Com a ajuda de James McAvoy, achar as imperfeições, esse sim foi o nosso grande desafio, achar falhas no Xavier e dar mais facetas e humanidade à sua personalidade. Acho que acertamos em cheio no complexo de Deus dele. Esse desejo dele de consertar todo mundo, se você aplicar na vida real, não é fácil passar a vida pensando desse jeito. Esse desejo total de mudar as pessoas e moldá-las conforme a sua ideia do que é bom ou ruim gera conflito. Ele parece muito com Yoda – as emoções não o atingem. Foi interessante tentar descobrir as facetas da personalidade dele, e o James contribuiu muito quando se juntou ao projeto. Nós fizemos muitas alterações a partir de conversas que tivemos com ele, nós exploramos mais áreas. Ele tem uma ótima interpretação do personagem, ele é genial.
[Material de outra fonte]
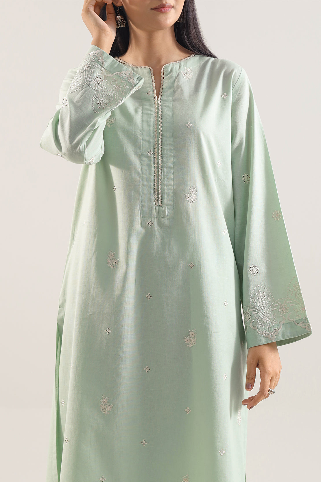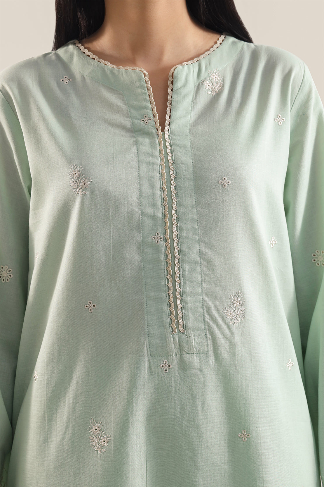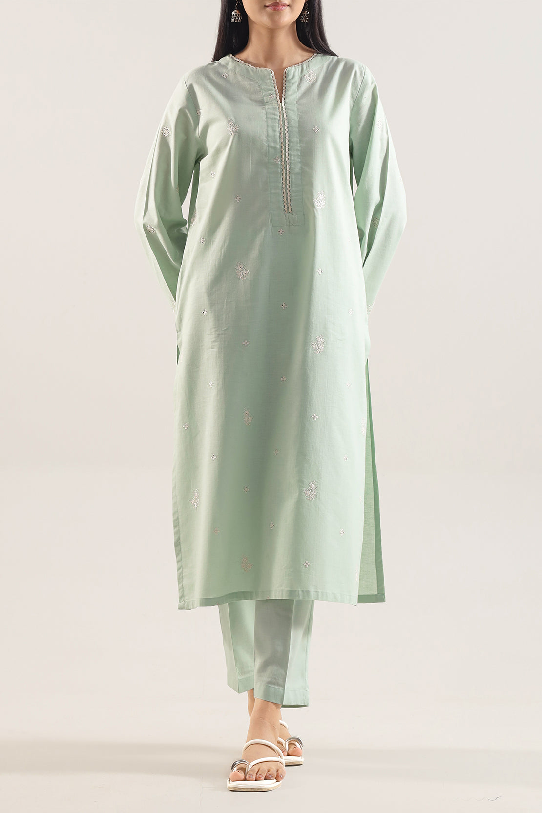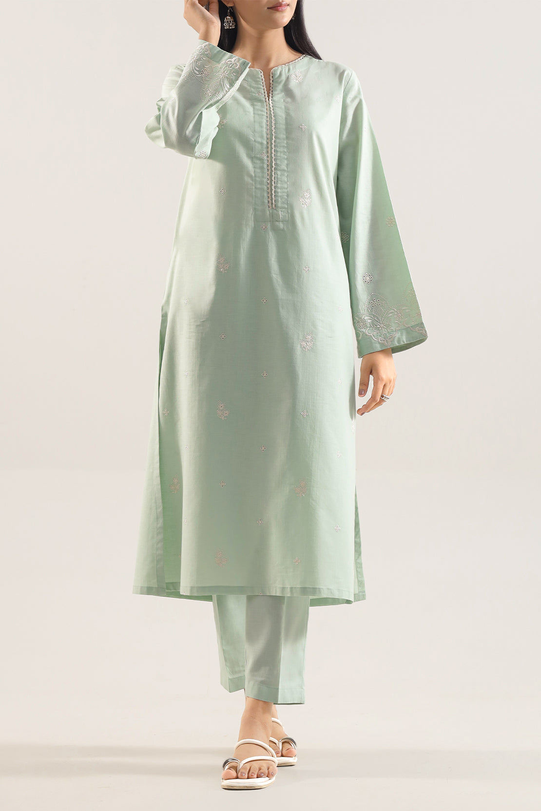Solid Embroidered Cotton Stitched 2 Piece (Shirt/Trouser)

Como você aborda os personagens mutantes periféricos? É uma questão de escolher os que se encaixam melhor na história ou você usa os seus favoritos?
É um pouco dos dois, para ser honesta. Acho que alguns são obviamente interessantes. Alguns são intrínsecos à história e tem alguns, certamente um caso específico, que ele tem um superpoder tão legal que nós tínhamos de usá-lo! A Fox nos deixou à vontade para escolhermos quem quiséssemos. As possibilidades eram encantadoras. É claro que os personagens também tinham de ser desenvolvidos. Não é apenas o caso de usá-los a esmo, espero que tenhamos criado uma dinâmica interessante em termos das decisões que eles tomam. Ter alguns personagens que sobre os quais não sabemos muito também é bom porque a gente pode se identificar com eles. Eles entram na história pela primeira vez e estão testemunhando esses dois personagens principais formarem as suas ideologias. São as decisões que os personagens que nós não conhecemos tomam e que representam a visão nova.
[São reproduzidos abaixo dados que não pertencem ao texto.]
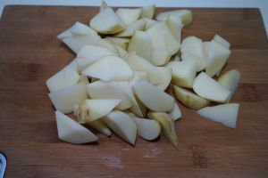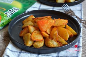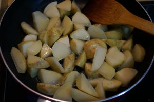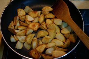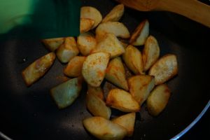 不时地用铲子翻动,使薯块几面都受热,边缘变成金黄色,表面也略有颜色

Você já pensou que rumo a história tomaria de agora em diante?
Para ser sincera, nós não pensamos no próximo. Certamente não é um assunto sobre o qual tenhamos conversado. Este filme não foi feito com o seguinte em mente. Isso seria perigoso. É melhor nos concentrarmos no filme atual.
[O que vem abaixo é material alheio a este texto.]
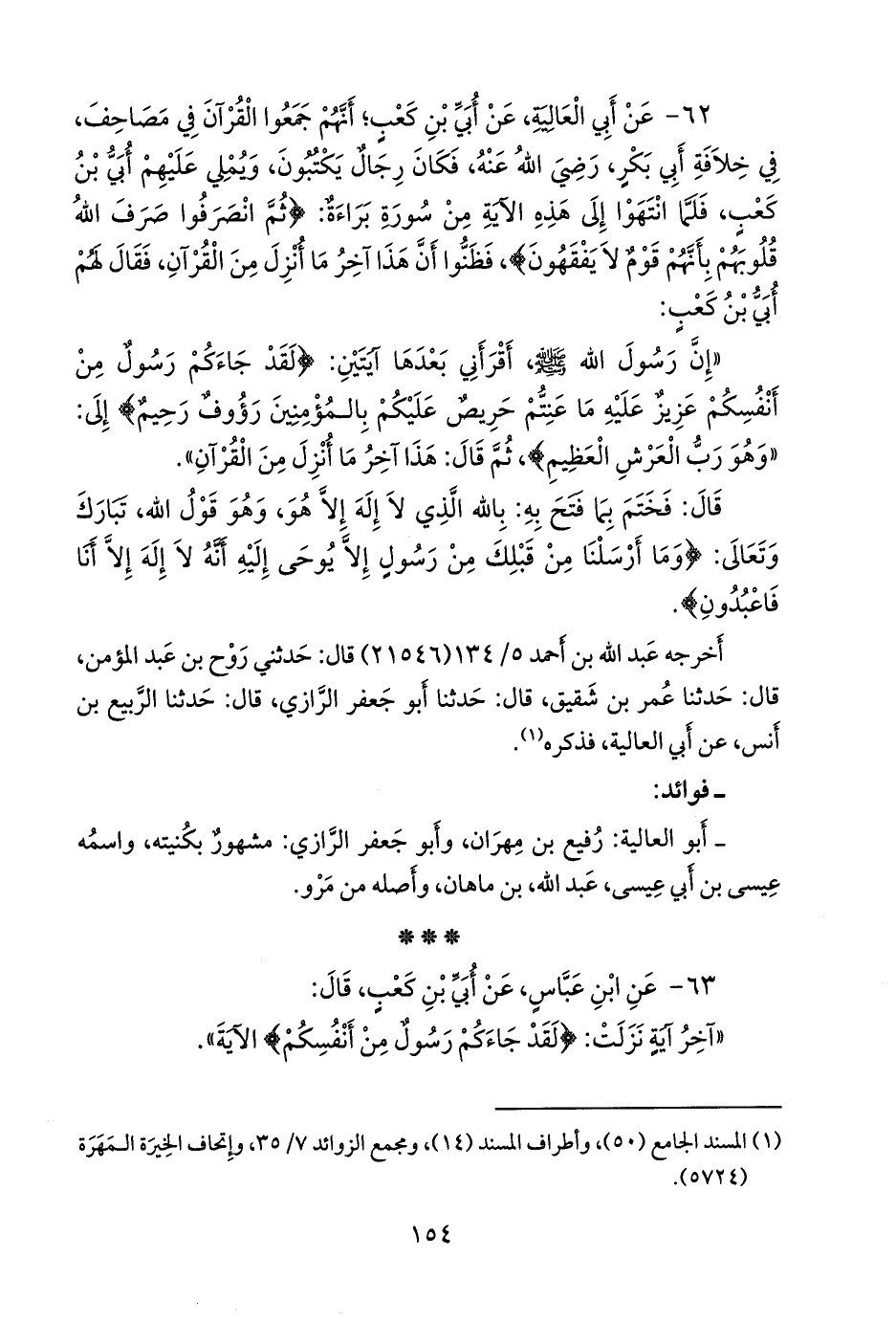 ٦٢ - عن أبي العالية، عن أُبي بن كعب؛ أنهم جمعوا القرآن في مصاحف، في خلافة أَبي بكر، رضي الله عنه، فكان رجال يكتبون، ويملي عليهم أُبي بن كعب، فلما انتهوا إلى هذه الآية من سورة براءة: {ثم انصرفوا صرف الله قلوبهم بأنهم قوم لا يفقهون}، فظنوا أن هذا آخر ما أنزل من القرآن، فقال لهم أُبي بن كعب:

[ATUALIZAÇÃO - 09/06/2011, às 18h35]

No dia de estreia de First Class, o Bleeding Cool publicou um texto sobre a polêmica questão dos créditos de roteiro deste filme. Aqui há interessantes comentários dos quatro envolvidos: Jane Goldman, Matthew Vaughn, Ashley Edward Miller e Zack Stentz. Eles também comentam o fato de que Jamie Moss é responsável por um dos rascunhos e não foi reconhecido pelo WGA. Ao ler o artigo, dá para entender que cada um merece o crédito que teve, seja na parte de roteiro, seja na parte de concepção na história (Bryan Singer teve uma ideia e usou elementos de um roteiro de Sheldon Turner).

Levando em conta o comentário de Goldman (não o tanto quanto ríspido de Vaughn), dá para concluir que, ela e o diretor mudaram bastante o roteiro quando tomaram conta da última revisão, fazendo a versão final do texto a partir de elementos do rascunho de Miller e Stentz. A postura desses dois últimos foi defensiva, é claro. Disseram que trabalharam semanas com Goldman e Vaughn na última versão do roteiro.

Resumindo, todo mundo que merecia crédito foi creditado, tirando Jamie Moss. Falando dele, seria interessante saber do roteiro que ele fez, para ver o que foi aproveitado do tal rascunho.